2. Delta Junction, Alaska recorded the highest average household income at $242,857, while Center, Colorado had the lowest at $10,946, demonstrating the wide income gap across U.S. cities.
3. The five largest states by land area were Alaska, Texas, Oregon, California, and Montana. The top five by water area were Alaska, Michigan, Texas, Florida, and Hawaii.
4. In Georgia, Milton, Johns Creek, and Alpharetta ranked as the top cities by average household income, pointing to concentrated areas of affluence within the state.

EXCEL | TABLEAU stock Perfromance analysis: Adidas, Nike, Under armour


This project was created for my Business Analytics course as an exercise in building data visualizations with Excel and Tableau. I chose to compare the stock performance of three major athletic apparel companies: Adidas (ADDYY), Nike (NKE), and Under Armour (UAA). As of June 3, 2025, I updated the Tableau dashboard to make it more interactive and highlight key trends more clearly. The local version includes the live market window for added context, while the Tableau Public version includes only a screenshot placeholder due to the platforms URL limitations.In this project, I set out to explore the following questions:
1. How have Adidas, Nike, and Under Armour stock prices trended from 2019 to early 2024?
2. Which company has shown the most consistent growth or volatility?
3. Are there noticeable patterns in share volume that align with price changes?

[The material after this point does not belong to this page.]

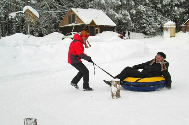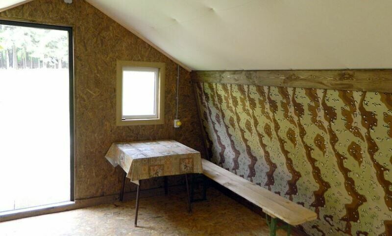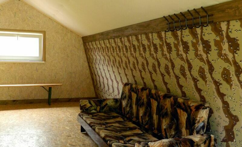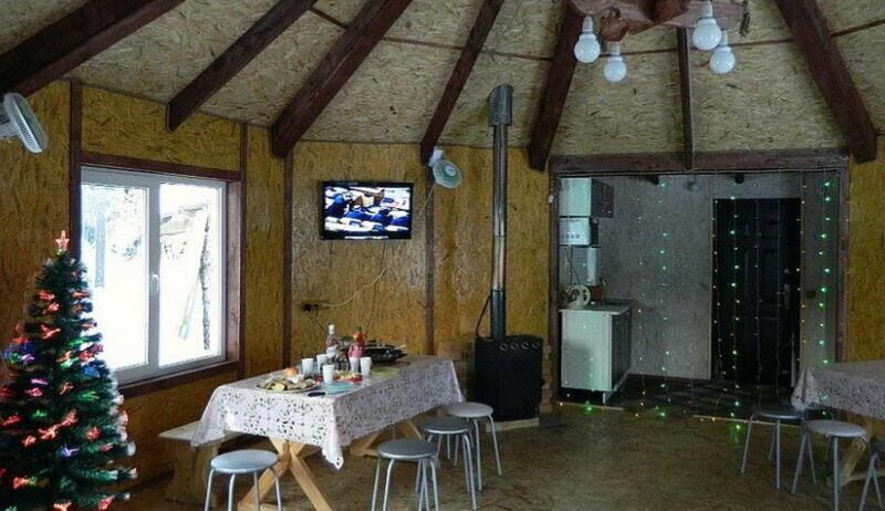 Изба приспособлена ко всем сезонам. Рассчитана на 25-30 человек. Есть 6 спальных мест. Кухонная зона. Тёплый сан. узел.
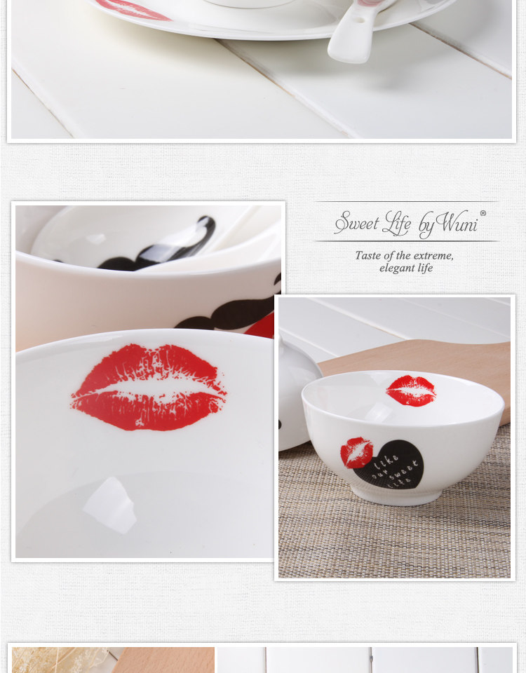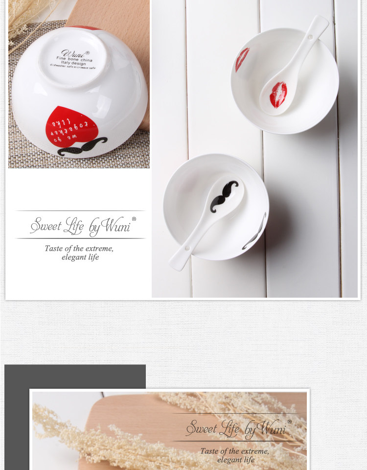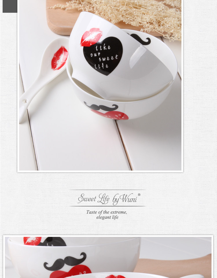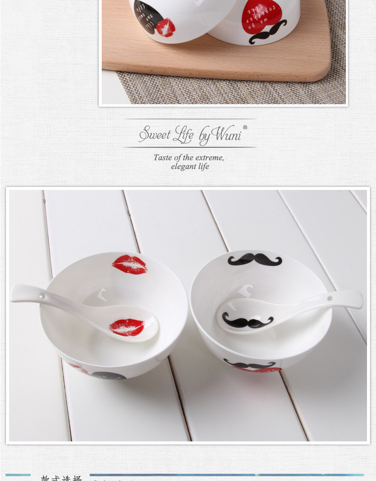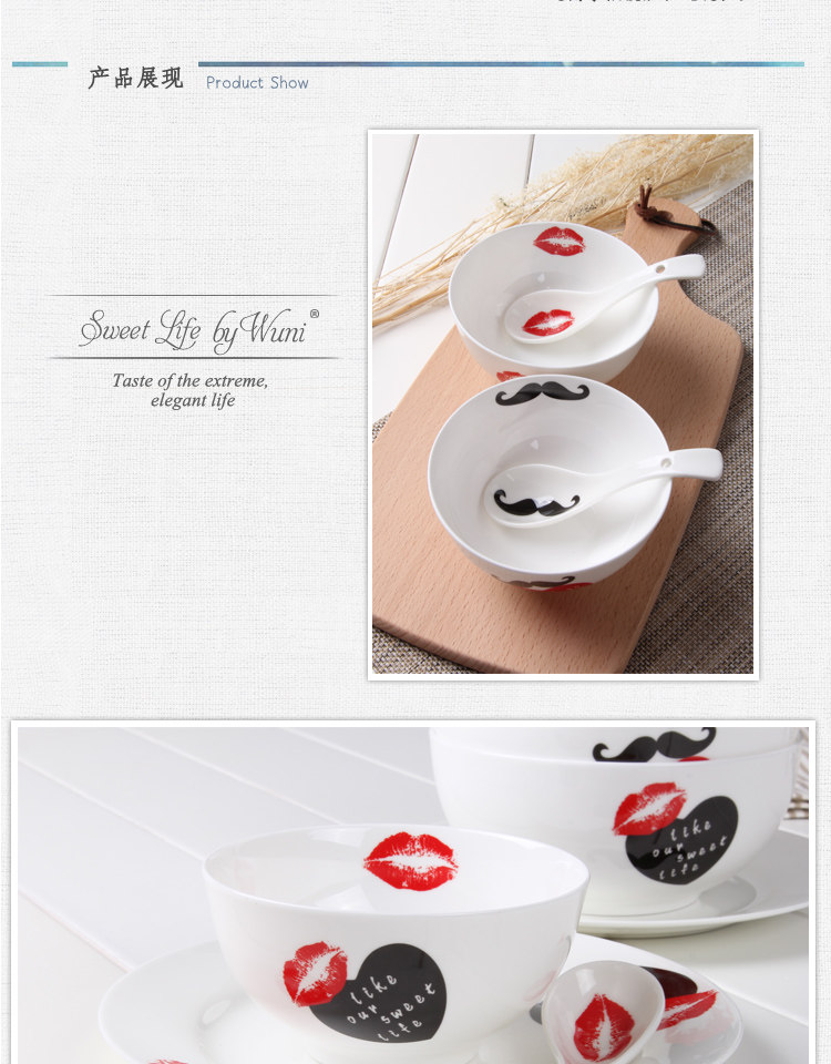 七夕情人节礼物 陶瓷碗骨瓷4.5寸 米饭色拉碗泡面碗汤碗餐具套装

4. What external events may have influenced spikes or dips in stock performance?
These were the steps I took to conduct the analysis:
1. Collected historical stock data (daily closing prices and share volumes) from Yahoo Finance for all three companies from April 2019 to February 2024.
2. Cleaned and structured the data in Excel to ensure accuracy and proper formatting for use in Tableau.
3. Created an interactive dashboard in Tableau that includes:
- Time series line graphs comparing closing prices.
- Volume analysis to spot trading activity spikes.
- Year filter to allow users to narrow analysis by specific periods.
- Dynamic buttons that adjust the embedded Google Finance window to display live stock trends per company (only functional in local version).
4. Edited the public version of the dashboard for presentation, replacing live content with screenshots due to Tableau Public limitations.
Here are my key takeaways:
1. Since 2021, Nike, Under Armour, and Adidas stock prices have followed very similar trends, moving almost in sync.
2. From 2019 to 2024, Nike’s stock rose by about $18, while Adidas and Under Armour saw overall declines in their average closing prices.
3. Adidas had a major spike in trade volume in 2022, reaching about 43 million, compared to 14–17 million in other years.
4. These patterns suggest that Nike performed more steadily, while Adidas and Under Armour were more affected by market shifts or major events.